US has always been an attractive supplement to other imaging modalities in breast cancer patients. However, US underestimates tumor extent to a higher degree in our study. It is difficult to differentiate between a fibrotic change induced by neoplastic change and a reduction in the tumor by NST. US can result in over-/under-diagnosis of chemotherapy-induced fibrosis. In addition, it is difficult to measure the overview of a large mass lesion or multi-centric lesion, such as locally advanced tumors that could be treated by NST, by hand-held probe. The inherent pliability of breast tissue also means that tumor dimensions may vary depending on patient positioning: upright (DBT and FFDM), supine (US), and prone positions (MRI). Furthermore, the effects of NST may introduce greater bias in residual tumor measurement relative to the preoperative setting: reactive inflammation, fibrosis, or necrosis may be difficult to distinguish from residual tumor, and measurement errors may be additive when tumors regress as multiple scattered deposits.

The practical aspects of the imaging modalities have been shown to have clinical advantages with respect to patient preferences.
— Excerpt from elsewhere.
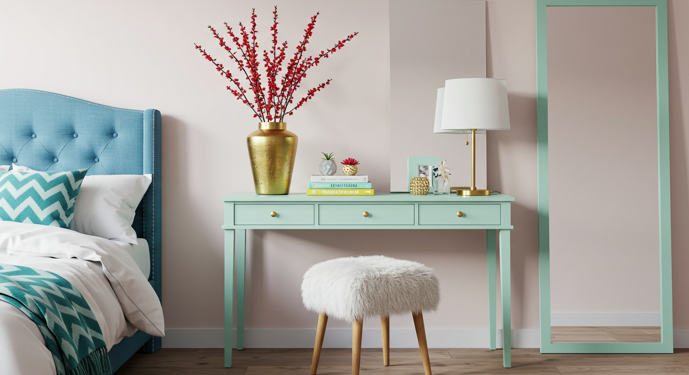 Treat your vanity like a vignette. Inspired by pastel hues reminiscent of the Caribbean, this pretty bedroom’s makeup table supports both books and foliage offset with a floor-length, get-ready-with-me mirror.
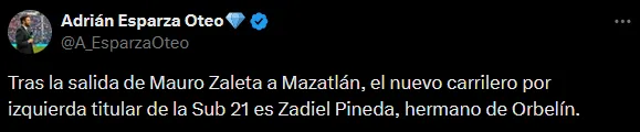 Ahora bien, la salida del joven abrió un espacio en la Sub 21 cementera. El periodista Adrián Esparza Oteo reveló que el encargado de tomar ese lugar es Zadiel Pineda, hermano de Orbelín, quien ya se perfila como el nuevo titular por la banda izquierda. De esta manera, el cementero apunta a mantener la proyección de sus fuerzas básicas sin perder dinámica en posiciones clave.

Claustrophobia and time constraints are the two most common complaints for breast MRI. Patients who undergo DBT often express lower rates of anxiety and higher rates of comfort compared to MRI. Time savings can be substantial because MRI acquisition in most institutions lasts approximately 30–60 min, whereas DBT requires 7–10 min. Additionally, the potential for substantial cost-savings compared with MRI makes DBT an appealing option in a stringent healthcare economy.
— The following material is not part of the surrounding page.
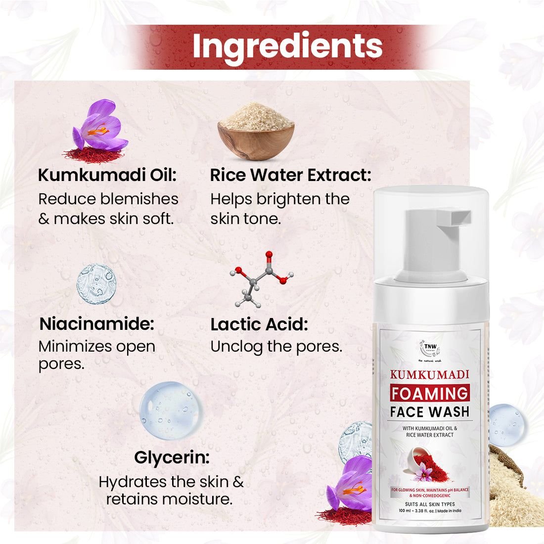 | Key Ingredients | Kumkumadi Oil, Rice Water Extract |
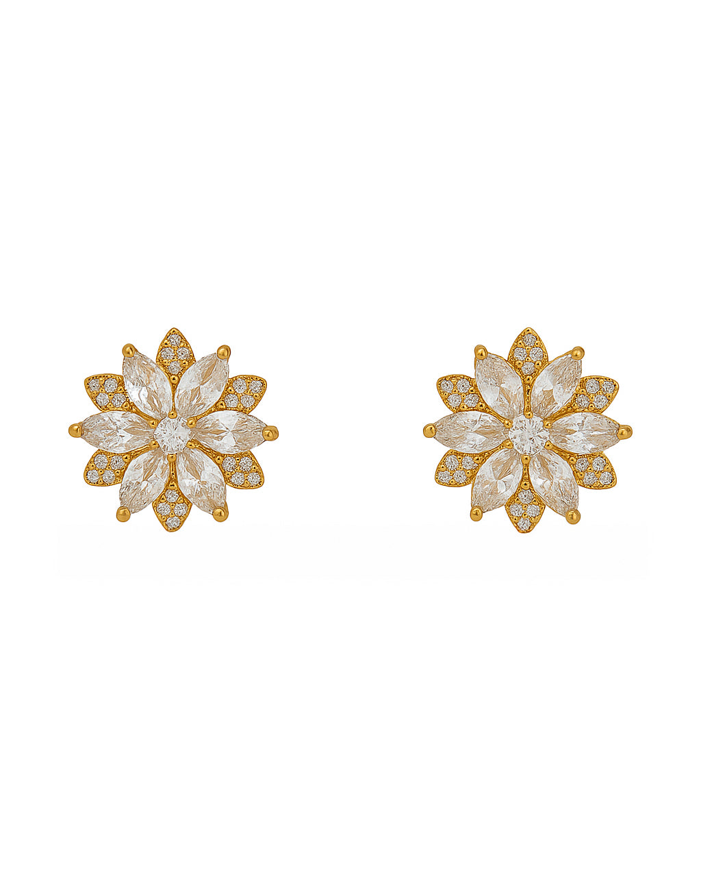 Aretes con diseño de flor compuesta por zirconias marquise y pavé brillante. Su acabado dorado realza el destello de cada piedra, creando un estilo elegante y luminoso para toda ocasión.

Our study has several limitations. First, it was a single-center study and, therefore, also examined a small study population. Second, the study population included only two cases of invasive lobular carcinoma, which is known to be more difficult to evaluate on imaging and is usually less responsive to NST compared with IDC. Further studies with a larger number of patients are needed. Third, DBT, US, and MRI were not performed on the same day, although the interval between the different imaging modalities was not too long. Fourth, as in the clinical setting, tumors were only measured on one slice on DBT and MRI and in one plane by the pathologist. If the cutting plane was different from the DBT and MRI slice direction, the tumor diameter might differ. Finally, patients went through multiple chemotherapy regimens and different numbers and types of NST cycles. Because of the heterogeneous usage of the chemotherapeutic regimens, it was difficult to compare the results regarding the impact of the chemotherapy among the studies.

In conclusion, DBT showed good correlation and agreement with pathology for residual tumors after NST. DBT appeared to perform as well as MRI in assessing the presence of residual tumor. Our findings are encouraging since DBT might be useful for patients with contraindications to MRI and patients in regions with limited MRI availability.